SEC’s Gallagher Calls for Re-Proposing Volcker Trading Ban

March 05, 2012

U.S. regulators should “go back to the drawing board” and make extensive revisions to their proposed ban on banks’ proprietary trading, Securities and Exchange Commission member Daniel Gallagher said in a speech.

The SEC and other agencies have received more than 17,000 public comments about the rule named for former Federal Reserve Chairman Paul Volcker, who championed the ban as an adviser to President Barack Obama. Among those expressing concern are regulators from Japan, the U.K. and Canada, Gallagher said.

“Even a quick review of the many substantial comment letters the commission received reveals widespread fears regarding the effect of the proposed rules on the proper functioning of global markets and the competitiveness of the U.S. financial industry,” Gallagher said today in Washington. “These are fears that I share.”

Lawmakers included the Volcker rule in the Dodd-Frank Act to limit risky trading by banks that benefit from federal deposit insurance and other government protections. The 298-page proposal released by the SEC and other agencies in October sought feedback on some 1,300 questions, fueling criticism that the rule is too complex.
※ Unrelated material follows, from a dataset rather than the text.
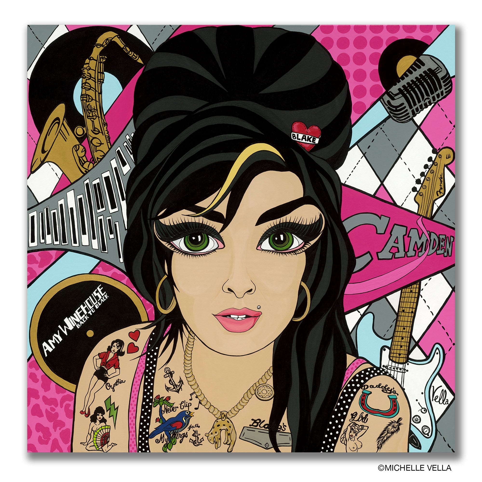 I painted this portrait of Amy Winehouse as a vibrant celebration of her iconic style and incredible legacy. Her expressive eyes take center stage, pulling you into her world, her favorite colors—pinks and light blue, while the bold details—like her signature tattoos, beehive hair, and winged eyeliner—pay homage to her unforgettable look. The backdrop is inspired by her roots in Camden Town and her deep connection to music, with visual nods to her jazz influences and electrifying performances. Through my signature big eyes style, I aimed to capture Amy's soulful energy and raw emotion, creating a piece that honors her individuality and timeless artistry.

“Regulators must be willing to re-examine our initial efforts and, if necessary, go back to the drawing board to make sure we regulate wisely, rather than just quickly,” Gallagher said at an Institute of International Bankers conference.

Pressing Regulators

Wall Street firms including Goldman Sachs Group Inc. (GS) and Morgan Stanley (MS) have pressed regulators to make major changes in the final version of the rule, which would also limit banks’ investments in private-equity and hedge funds. Banks said the proposed restrictions are so broad that they could interfere with their ability to facilitate trades for clients, raise costs for investors and increase financial system risk.

In comment letters, foreign regulators have said that the rule, which exempts U.S. government securities, could make sovereign debt markets less liquid.

Gallagher’s comments today echo those of Troy Paredes, his fellow Republican on the SEC, who last month also called for the rule to be re-proposed. The SEC should take a lead role in crafting the rule because of its expertise in overseeing the securities markets, Gallagher said.

“The SEC has been dealing with these issues for a long, long time,” he said.

Fed Chairman Ben S. Bernanke told Congress last week that the five agencies considering the rule wouldn’t meet a July 21 deadline for final action. He didn’t answer directly when asked if the rule would be formally re-proposed.

“We will make sure that firms have an adequate period of time to adjust their systems and comply with the rule,” Bernanke said.